Jiménez‐Valverde, Alberto, et al. “Discrimination capacity in species distribution models depends on the representativeness of the environmental domain.” Global Ecology and Biogeography 22.4 (2013): 508-516. DOI: 10.1111/geb.12007
Discrimination capacity, or the effectiveness of the classifier as was discussed in class, is usually the only characteristic that is assessed in the evaluation of the performance of predictive models. In SDM, AUC is widely adopted as a measurement for discrimination capacity, and what is important for AUC is the ranking of the output value, but not their absolute difference. However, calibration or how well the estimate probability of presence represents the observed proportion of presences is another aspect of the performance of model evaluation.
Jiménez‐Valverde et. al. thus examined how changes in the distribution of probability of occurrences make discrimination capacity is a context-dependent characteristic. Through simulation, they found that a well-calibrated model, where the probability of randomly chosen positives have higher S then randomly chosen negatives (P) is equal to S, will not attain high AUC value, which is 0.83. and confirmed that discrimination depends on the distribution of the probabilities. Figure 2 shows some extreme cases demonstrating trade-offs between discrimination capacity and calibration reliability. When a model is well calibrated, dots should line up along the solid line.
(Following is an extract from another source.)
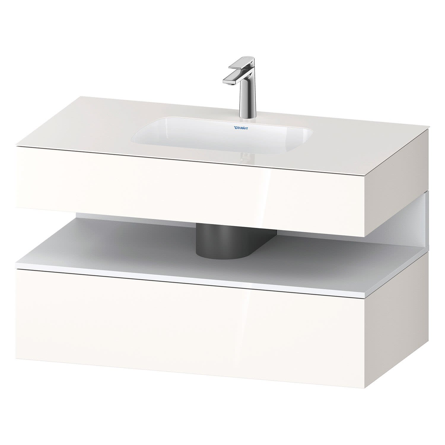 Duravit Qatego Einbauwaschtisch mit Konsolenwaschtischunterbau 100 x 60 cm, 1 Auszug, mit LED Beleuchtung

This paper not only well explained the difference between discrimination and calibration and why the increase of one compromises another, it also pointed out two implications in the field of SDM: first, it explains the devilish effect of the geographic extent, which is the reason for the negative relation between the relative occurrence area and discrimination capacity; second, discrimination may not be used to compare different modeling techniques for the same data population and to generalize conclusions beyond that population. It is noteworthy to aware limitations and conditions when evaluating our own models. One practical way is to not report AUC alone, but also be accompanied with information about the distribution of scoring system and, if possible, the model calibration plots.